Your copy of the listing should be exact and should contain no pictures.

**Data section**
....
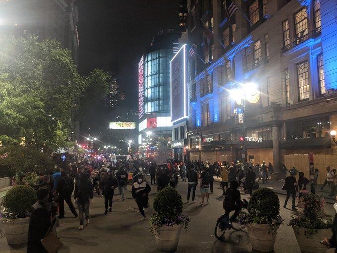 Police reported of more than 50 arrests inside the iconic Macy's store in Manhattan and violence despite the store is boarded up. This is the second day incident at the store. Last night small group of looters entered the store and looted. More than 200 teens are around Macy's and fire is being lit at the store damaging the iconic landmark.
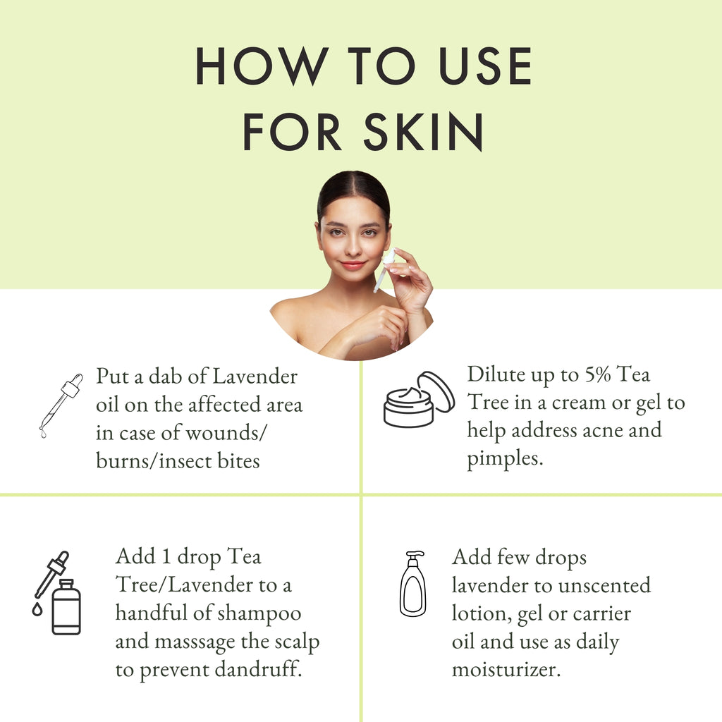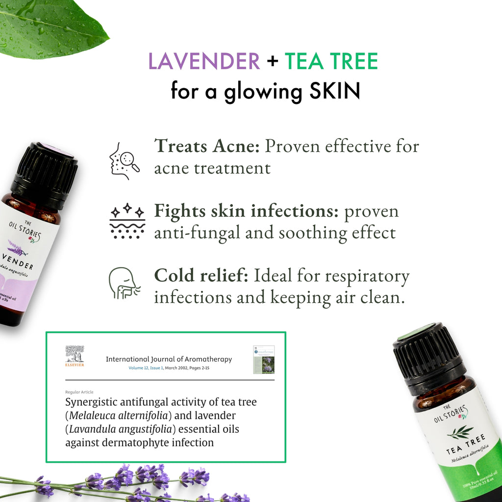 Tea Tree + Lavender (lab tests): Together they fought common skin infections better than either oil alone(Cassella et al., 2002).
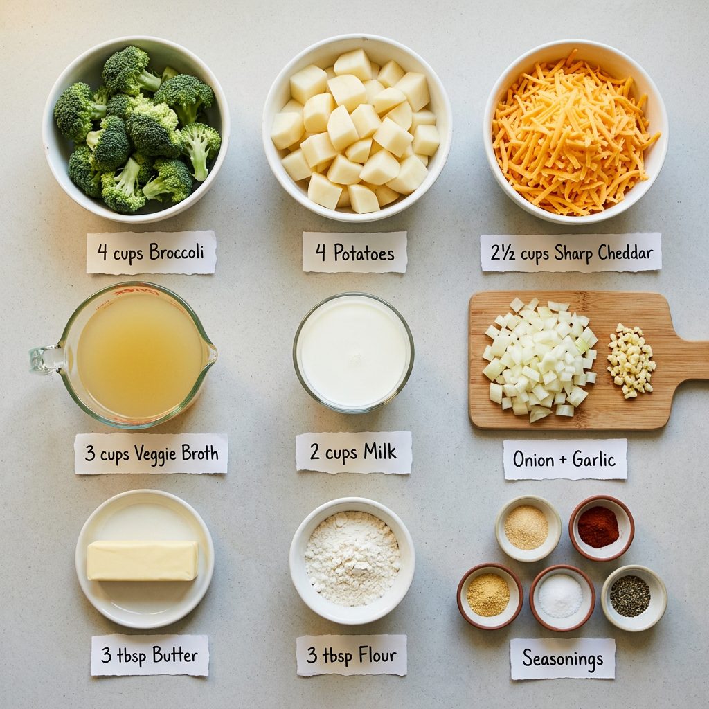 The combination of potatoes and broccoli in a cheddar soup is genuinely one of the most satisfying flavor combinations in all of comfort food cooking. The potatoes give the soup its incredible thick hearty body — as they cook they release starch that naturally thickens the broth without needing a heavy roux. The broccoli adds a fresh slightly earthy flavor and a beautiful color contrast against the golden orange cheddar broth. And the sharp cheddar — added at the end off the heat — melts into something silky and luxurious that coats every piece of vegetable and every spoonful.
....
**Task output**
 Police reported of more than 50 arrests inside the iconic Macy's store in Manhattan and violence despite the store is boarded up. This is the second day incident at the store. Last night small group of looters entered the store and looted. More than 200 teens are around Macy's and fire is being lit at the store damaging the iconic landmark.
 Tea Tree + Lavender (lab tests): Together they fought common skin infections better than either oil alone(Cassella et al., 2002).
 The combination of potatoes and broccoli in a cheddar soup is genuinely one of the most satisfying flavor combinations in all of comfort food cooking. The potatoes give the soup its incredible thick hearty body — as they cook they release starch that naturally thickens the broth without needing a heavy roux. The broccoli adds a fresh slightly earthy flavor and a beautiful color contrast against the golden orange cheddar broth. And the sharp cheddar — added at the end off the heat — melts into something silky and luxurious that coats every piece of vegetable and every spoonful.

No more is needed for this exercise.